Regular readers will know I am a great fan of light works — that is, art that makes light one of its subjects. My favourite example in Wellington is Bill Culbert’s SkyBlues on Jervois Quay. It’s a series of neon squiggles set on top of shiny aluminium poles, and is best viewed from the waterfront, but standing underneath it looking up is worth the trouble too…
What is it about a disco ball in a tree that is so lovely? More and more councils around the country have been decorating their botanic gardens over summer with lights. Our own council in Wellington lights up the botanic gardens over summer, and that’s always a good opportunity to visit the glow-worms. I’ve been to Blenheim at Christmas/New Year and walked around their gardens in the illuminated darkness. But my favourite park in summer is Pukekura Park in New Plymouth (in fact, the New Plymouth District Council may have even started this trend).
And such a trend. Lighting installations (like this year’s New Zealand Festival show Power Plant) give locals and visitors a reason to go to the gardens on a warm evening, but in winter this can be quite a different proposition. However, one of my highlights of 2013 was the Lux Festival organised by Massey University and the Wellington City Council. On a clear, icy Monday evening close to the shortest day, a bunch of other enthusiasts and I walked the city, maps in hand, hunting down the art that shone.
Meanwhile, across Cook Strait, the people of Nelson were doing the same thing in their civic gardens. This year, the Light Nelson festival will again light up three midwinter nights in Queens Gardens on 11–13 July. The selection of 30 works, mostly by local artists and collaborators, includes light shows, installations, video projections and interactive work — with an emphasis on low tech and simple.
Students and tutors from the local polytech, Nelson and Marlborough Institute of Technology (NMIT), are well represented. Of particular interest is a collaborative work between poet Cliff Fell, artist Anne Rush and film-maker John Irwin called The Eel Pond Project. This installation pays homage to a site in the Chinese Garden where eels have always lived. Fell and Rush are also involved in another project using smartphone technology, poetry and light to tell the stories of the area’s heritage trees. The text is written by NMIT’s creative writing students.
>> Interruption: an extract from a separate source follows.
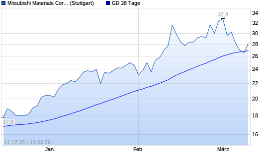 Mit dem Anstieg auf 28,60 EUR hat die Mitsubishi Materials-Aktie am 10.03.2026 die 38-Tage-Linie nach oben gekreuzt.

I also like the sound of I’m Going Bats by Lori Davis, a group of glow-in-the-dark bats and their predators that hang in the trees, bat-style. Davis’ installation highlights the vulnerability of the native long-tailed bat. And in the spirit of community that dominates the festival, the bats are made by the children at a local art class. Other highlights include a collaboration between Auckland artist Philip Matthews and taonga puoro expert Richard Nunns, and a winter music festival organised by the Nelson School of Music.
[info]June Art
The Mata Aho Collective are currently on at Toi Pōneke in Abel Smith Street with their exhibition Kaokao. The collective is made up of four artists — Erena Baker, Sarah Hudson, Bridget Reweti and Terri Te Tau — who became friends during wānanga at Massey University. The exhibition responds to the upcoming First World War commemorations and explores the visibility of women in Māori and non-Māori histories using the metaphor of tukutuku and the traditional pattern kaokao, synonymous with Tūmatauenga, the god of war.